Всякий научный журналист должен не менее трех раз за карьеру написать о космологии вообще и Большом взрыве в частности. Я этот сочинительский минимум давно перевыполнил, но писать все равно продолжаю, благо вторая космологическая революция вступила в решающую фазу, и вот-вот станет окончательно ясно, что же происходило в первые мгновения жизни нашей Вселенной.
На этот раз повод написать о космологии дал Борис Штерн — физик, выпустивший в 2014 году книгу «Прорыв за край мира». Книга вошла в шорт-лист премии «Просветитель», вручение которой состоялось в конце ноября. Первую премию Штерн не получил — причину назвал еще в сентябре один из членов жюри: «“Прорыв…” не относится к тем книгам, которые доступны моему пониманию». Доля правды в этом есть. Без сложных формул физику все же очень трудно перевести на интуитивно понятный язык.
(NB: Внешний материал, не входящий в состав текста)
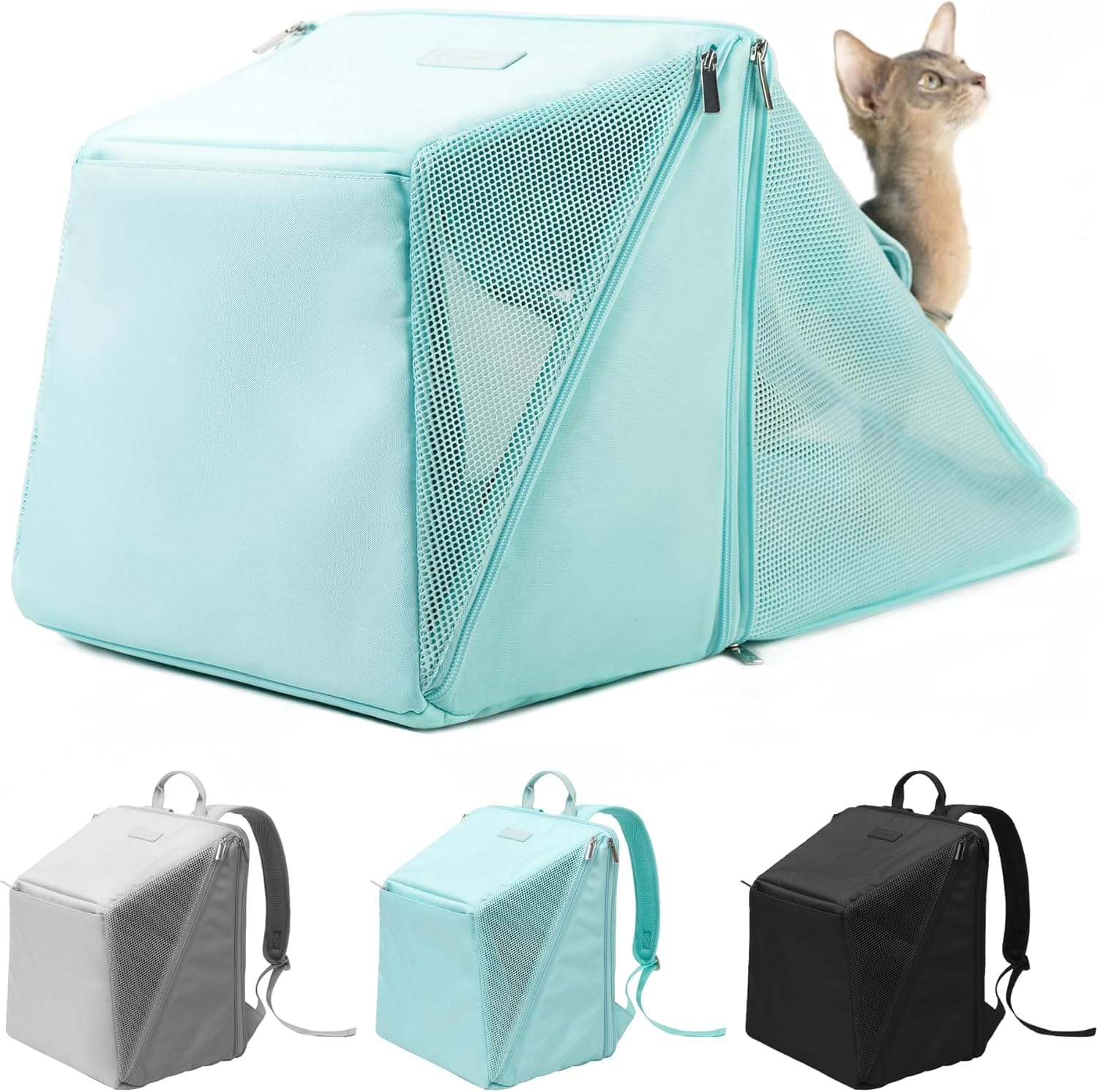 Expandable Cat Backpack Carrier Pet Soft-Sided Mesh Backpack Carrier for Cats Small Dogs Dual-Layer Ventilated Privacy Cat Backpack for Travel Outdoor Camping (Mint Green)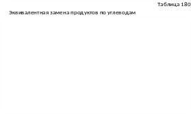 Необходимым условием диетотерапии является фиксированное по времени и количеству распределение углеводов в течение суток в зависимости от получаемого инсулина. По возможности учитывают индивидуальные привычки и особенности питания в семье. Так, при 1-2-кратном введении инсулина пролонгированного действия больной получает углеводы в определенных количествах через 1 ч после инъекции, каждые 2-3 ч в течение 12 ч (периода максимального действия инсулина). Использование инсулина короткого действия (кроме препаратов типа Хумалог) предполагает назначение углеводов через 20-30 мин после введения инсулина. Обычно 1 ЕД инсулина вводят на 12 г съеденных углеводов (этот показатель условно назвали 1 хлебная единица). 12 г углеводов повышают уровень глюкозы в крови на 2,8 ммоль/л. Для упрощения расчетов можно пользоваться таблицей замены углеводов (табл. 180).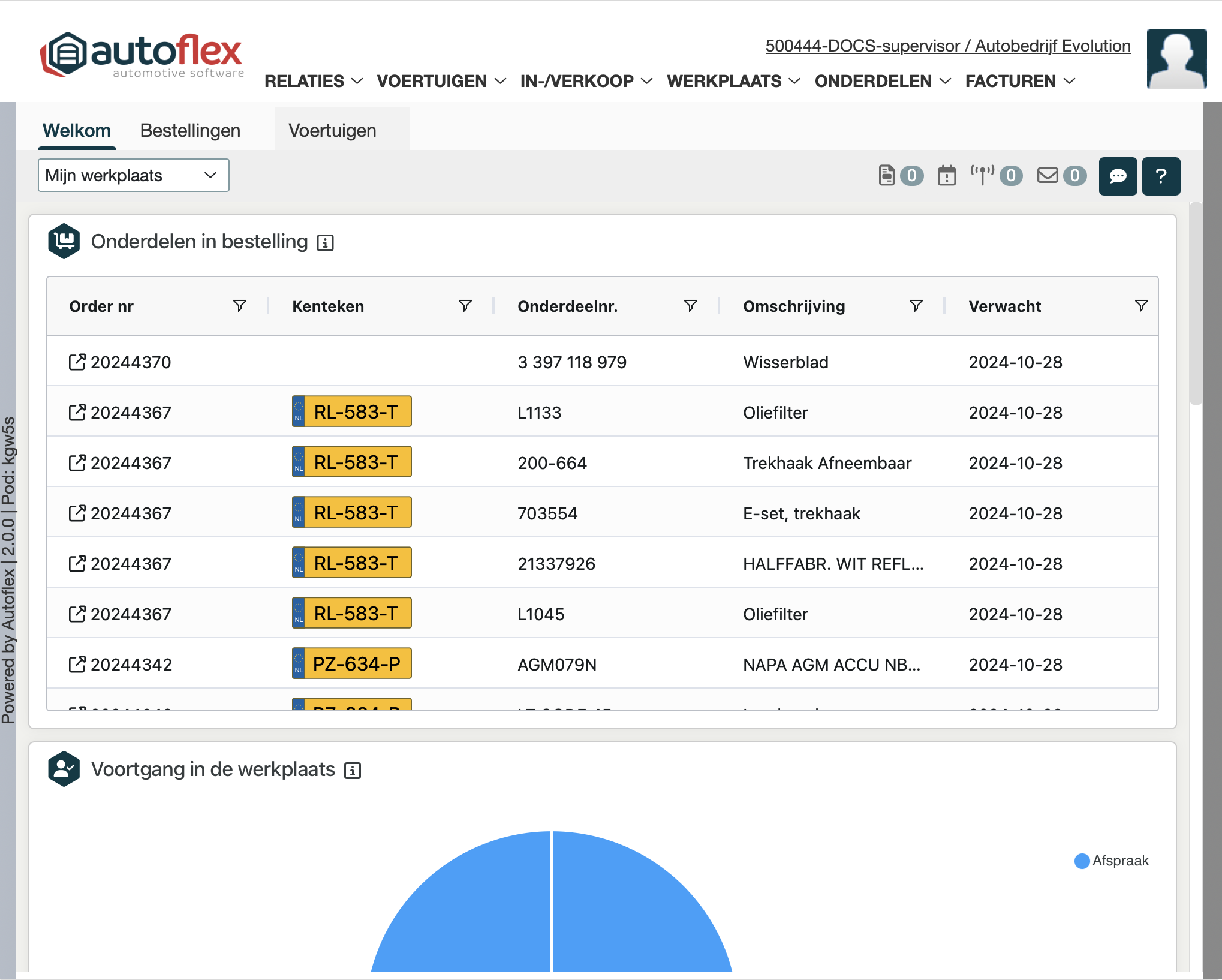 Je ziet de werkorders per afzonderlijke status. In het taartdiagram geven de kleuren de status aan. Klik op een gekleurd vlak om rechts de orders met die status te zien. |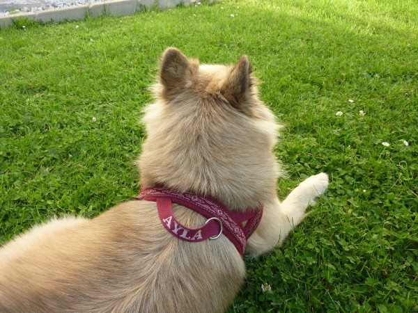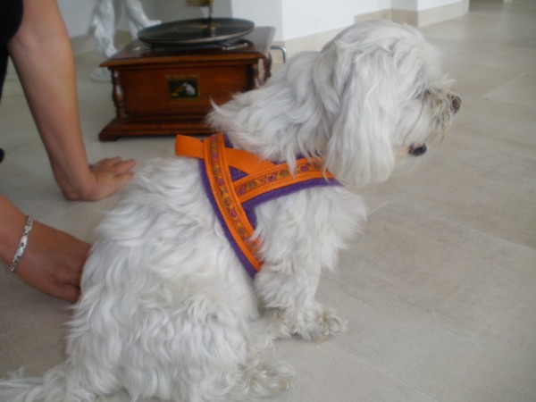 LILLI mit Geschirr - Borte Hawaii orange, Gurtband orange, Fleece lila (Geschirr Größe S: 32 €)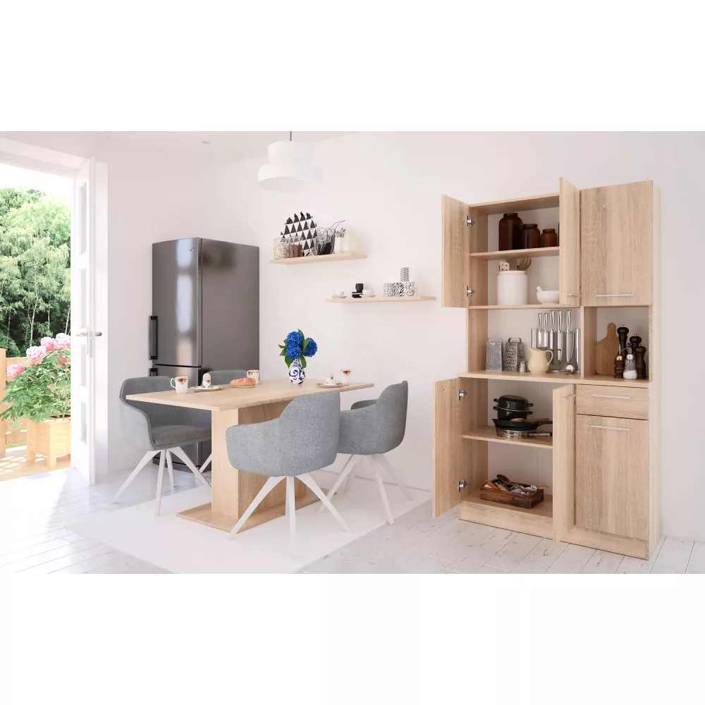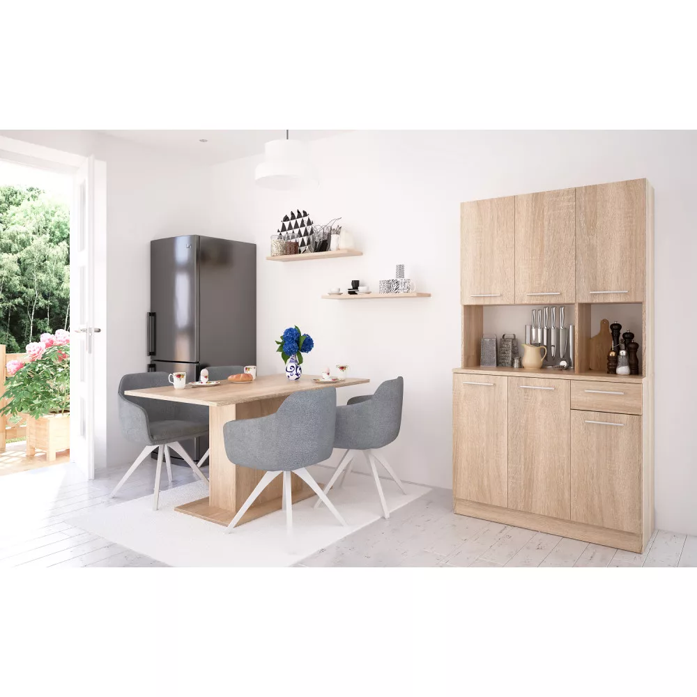 Ezt a **minőségi szlovák terméket** úgy terveztük, hogy nélkülözhetetlen segítőtársad legyen a rendszerezésben, legyen szó a konyháról, az étkezőről vagy akár egy kerti pavilonról. A kredenc tartós, **1,6 cm vastagságú laminált DTD (faforgácslap)** anyagból készült, a természetes hatású **sonoma tölgy** dekor pedig meleg és barátságos légkört teremt. Az alsó szekrény felső lapjának **2,2 cm-es vastagsága** extra stabilitást és teherbírást biztosít, így bátran elhelyezheted rajta a konyhai gépeket vagy dekorációkat.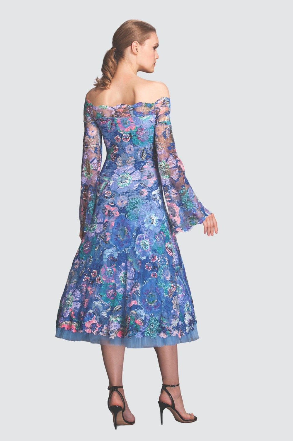 A perfect mother-of-the-bride dress or simple resort wear for your next holiday. The long sleeves with flared ends add a drama element to this look.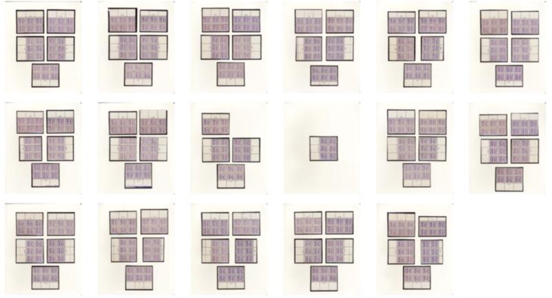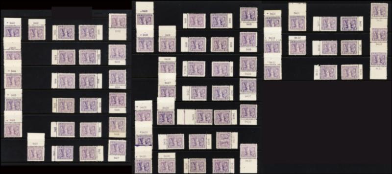 (537) MINT PLATE NUMBER SINGLE COLLECTION OF 70 DIFFERENT, includes 70 different from all five positions of all sixteen plate numbers, sorted onto black stock pages, includes both F tops and tops, many have wide selvedge, there are 25 NH and 45 H, expect some scattered faults, there is one perfin, overall Fine-Very Fine with some very nice singles, includes 70 of the 80 possible plate numbers, a very impressive group.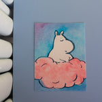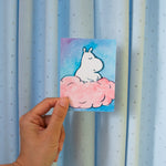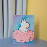 This print features Moomin sitting serenely on a pink cloud! Made by artist Rebekah Evans, this watercolor print looks adorable on a shelf and makes for the sweetest gift!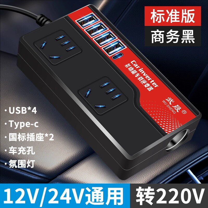 车载充电器逆变器12V24V转220快充点烟器转换插头USB车充插座新款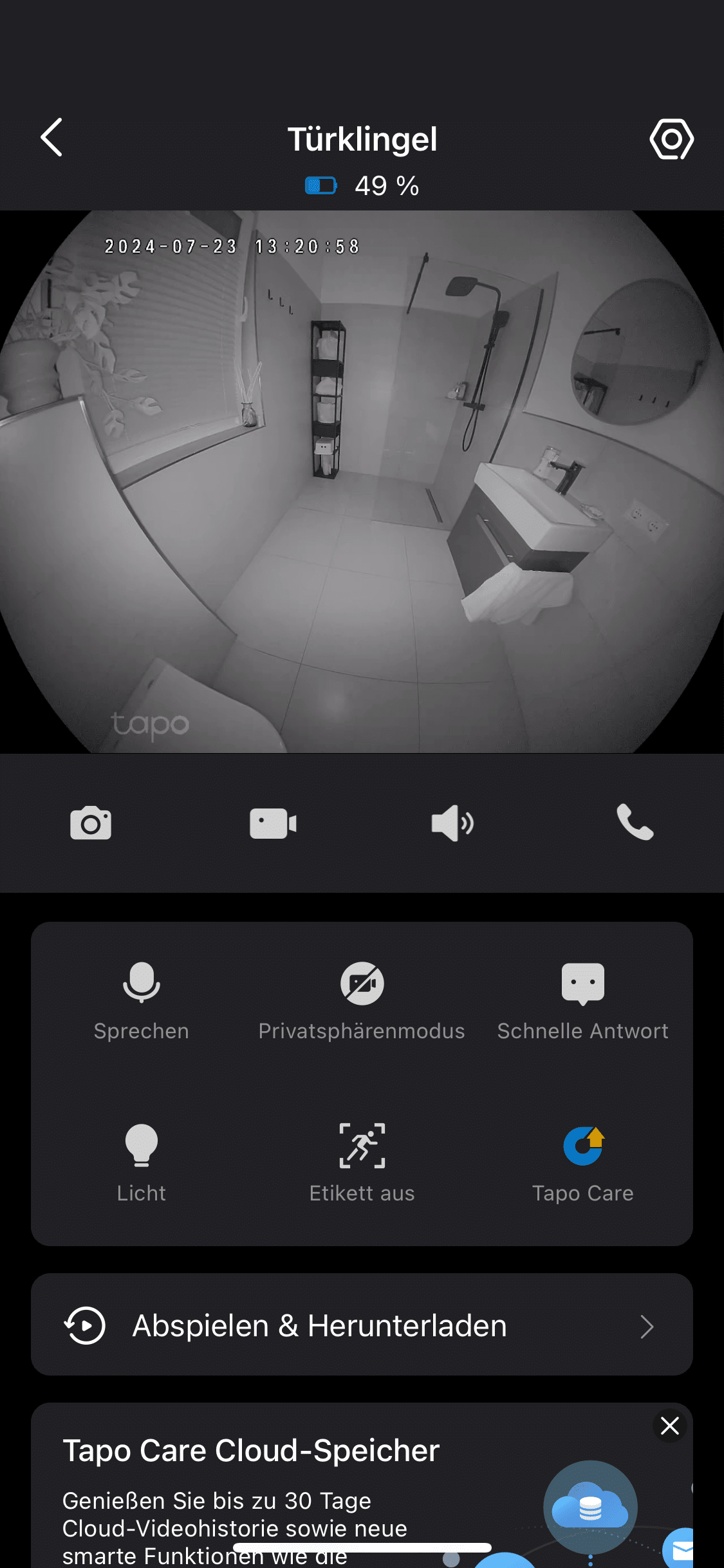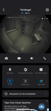 Allerdings ist das Ganze dann auch mit monatlichen Kosten verbunden. Die Cloud namens tapo care lässt sich 30 Tage lang kostenfrei ausprobieren. Anschließend kostet der Dienst im Basis-Modell mindestens 2,99 Euro im Monat. Ein Feature, das die Tapo D235 stets kostenfrei bietet, ist Zwei-Wege-Audio. Wenn du Besuch bekommst, kannst du mit der Person vor deiner Haustür bequem über dein Smartphone kommunizieren.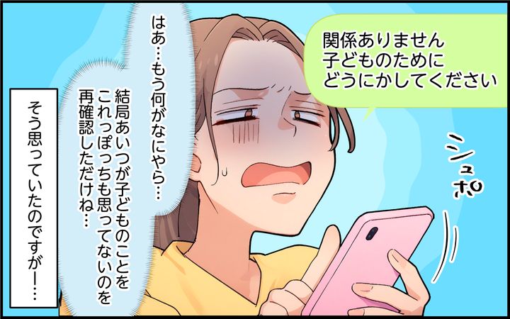 養育費は息子の将来を支える大事なお金です。それを減らしてほしいだなんて…。元夫が息子のことをこれっぽっちも考えていないことがよくわかりました。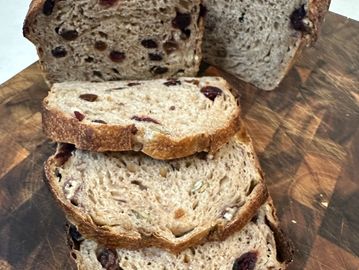 Bright, tangy cranberries and a hint of fresh orange zest give this loaf a sweet and citrusy twist. Lightly toasted with butter, it's a cozy morning treat or a festive addition to your holiday table.
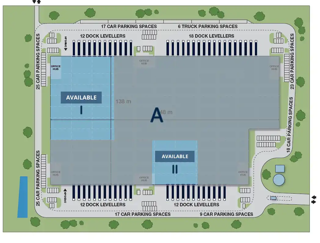 Minimalna powierzchnia najmu wynosi 2.200 m2, maksymalna - 7.200 m2.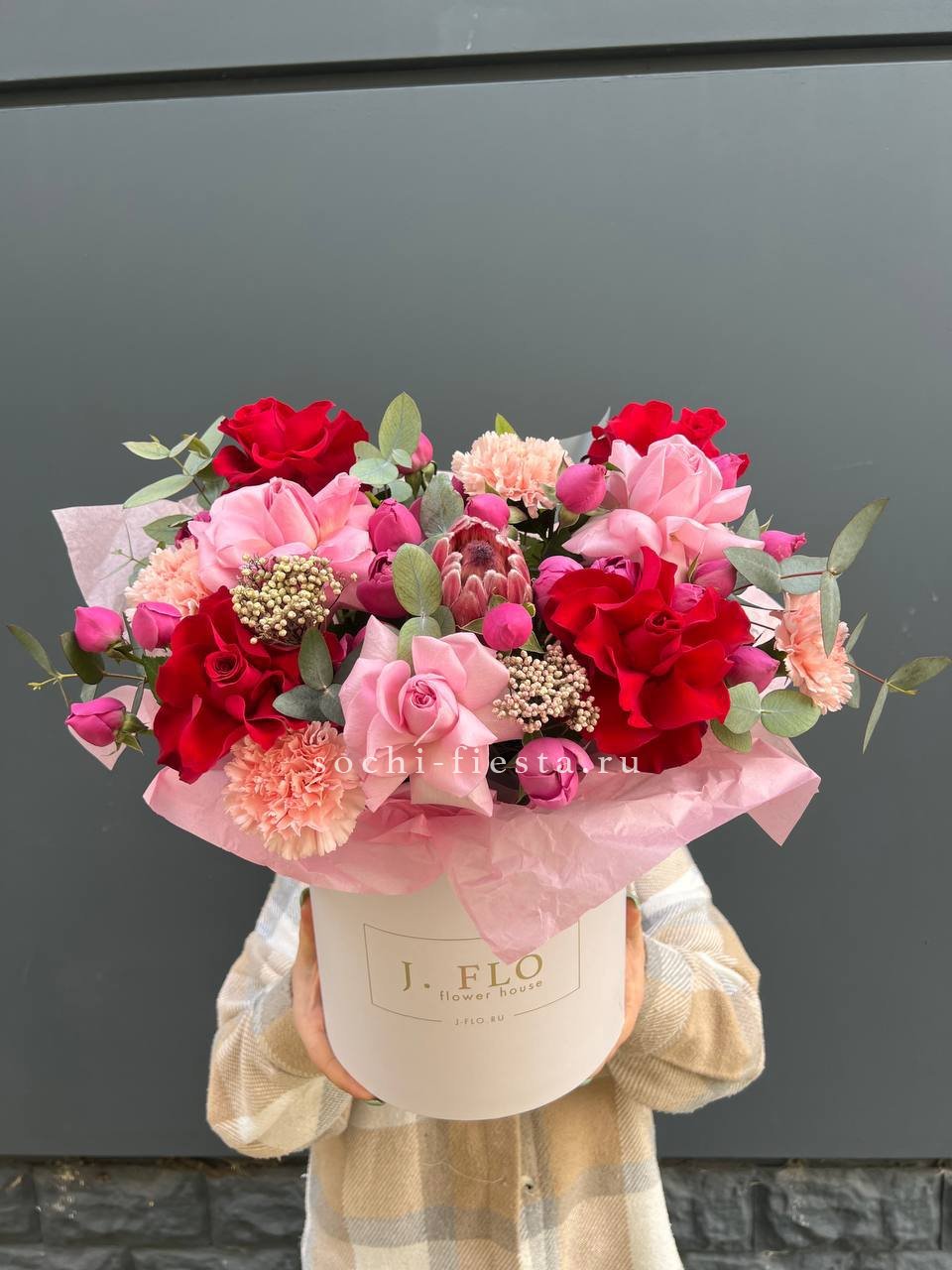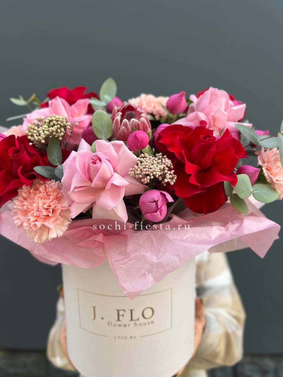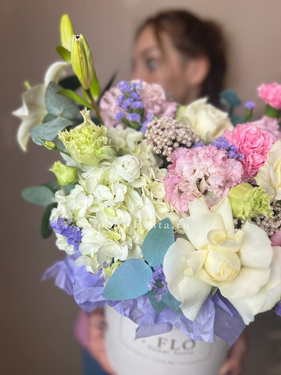 гортензии, эустома, розы, бомбастик, эвкалипт, антиринум в боксе 25.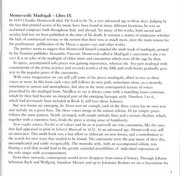 | Artista | Claudio Monteverdi | Krijn Koetsveld | Le Nuove Musiche |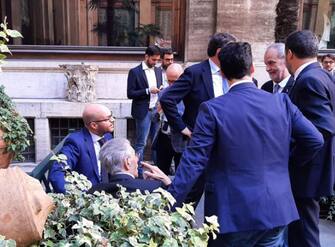 In mattinata, lo Stato maggiore della Lega si era riunito in cortile a Montecitorio in delegazione per salutare Umberto Bossi, accompagnato per l'occasione dal figlio Renzo. Matteo Salvini è arrivato insieme a Giancarlo Giorgetti e Roberto Calderoli
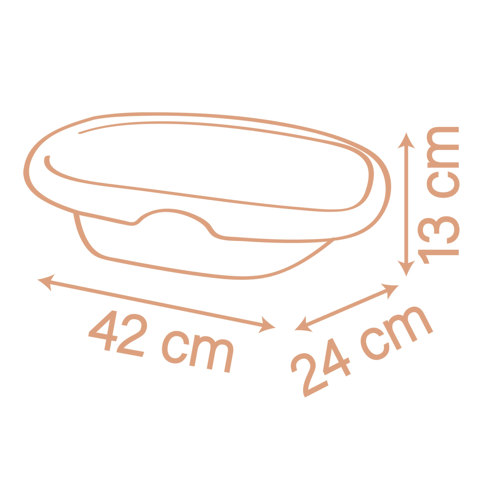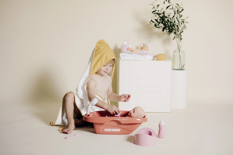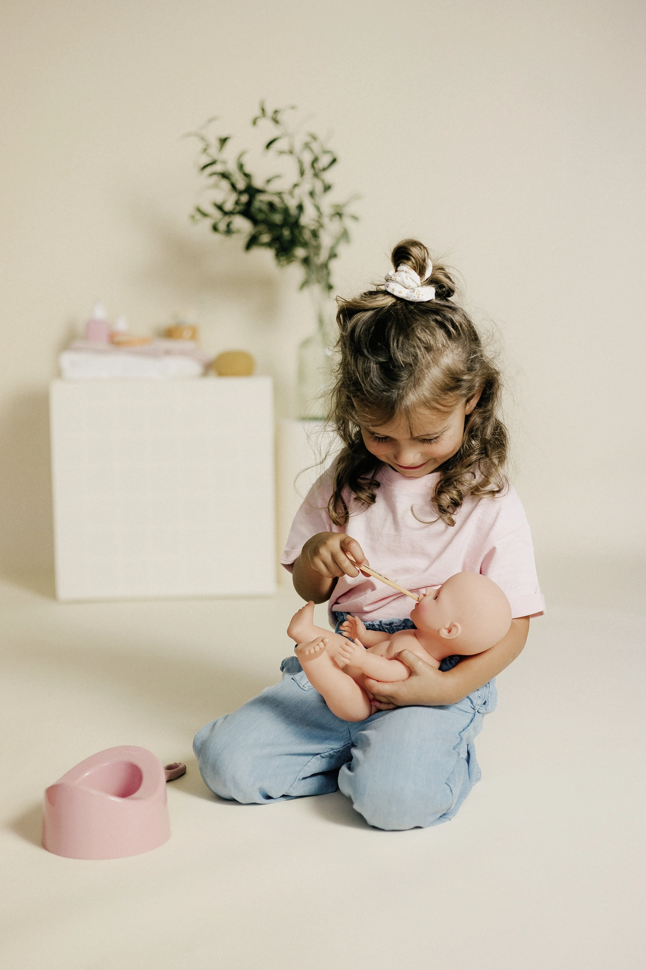 Incluye una amplia variedad de accesorios: orinal, termómetro, cepillo de dientes, botes y otros complementos fáciles de agarrar para los niños. El set está fabricado en Francia y utiliza materiales reciclados (76 %), lo que lo convierte en una opción ecológica. Apto para muñecas de hasta 42 cm.

Я позвонил Штерну и предложил написать текст вместе, причем в виде детектива:
Борис Евгеньевич Штерн. Известный российский астрофизик, доктор наук, ведущий научный сотрудник Лаборатории исследования редких процессов Отдела экспериментальной физики; член Учёного совета Института Ядерных Исследований РАН. Один из основателей и главный редактор популярной в научном сообществе газеты «Троицкий вариант». Организатор портала scientific.ru — неофициального научного сетевого ресурса, руководитель проекта «Кто есть кто в российской науке», инициатор создания корпуса независимых научных экспертов.
— Пусть ученые, про которых ты говорил в книге, будут вроде следователей. Ведь наука сродни этой работе: есть улики — это данные, есть гипотезы — версии. И следственные эксперименты — опыты, исследования.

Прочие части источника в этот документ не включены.